There are two challenges that ministers must face up to if they are to make a real difference. First, rehabilitation costs in both the short to medium term. Rehabilitation requires investment in wrap around services, drug and alcohol programmes, and mental health services to provide people with the support to make a change in their lives. Yet the Ministry of Justice is facing massive cuts to its budget over the course of the current spending period. It is hard to see how a rehabilitation revolution can take off when so many local services are being cut back.
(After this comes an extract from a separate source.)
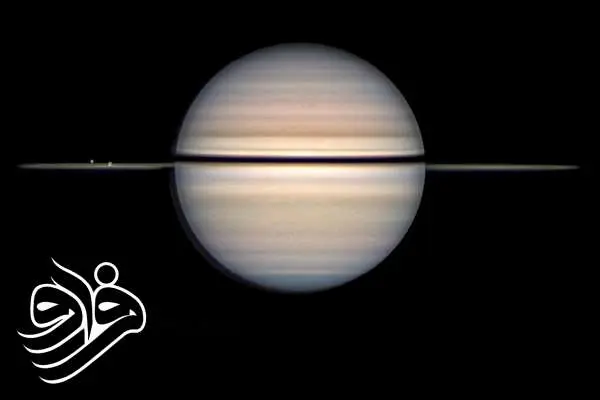 عکس روز ناسا گذر دو قمر یخی زحل را از برابر حلقههای آن به نمایش میگذارد.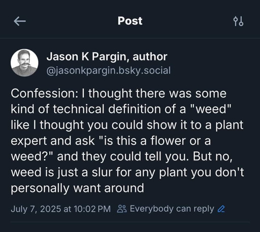 minus-squareWolf@lemmy.todaylinkfedilinkEnglisharrow-up3·6 months agoSame rules apply. If you don’t want it there, it’s a weed. If you don’t mind it being there, it isn’t.

Second, we need to think about how to institutionalise a more effective and joined up approach to reducing reoffending in the long term. This is where there is a role for the new Police and Crime Commissioners. The "and crime" part of the title is important. It is plausible that at least part of the prison budget and some local prisons could be devolved to PCCs. They would then have an incentive to reduce reoffending because they would keep the savings from any fall in the local prison population. There are arguments about how much of a cash saving such 'justice reinvestment' mechanisms can yield, but the evidence from the United States where penal policy is locally administered is promising.
So the rehabilitation revolution appears to have survived the Clarke/Grayling transition. But it remains to be seen how powerful Cameron's rocket boosters actually are and whether this will produce the kind of step change we need in the offender management system.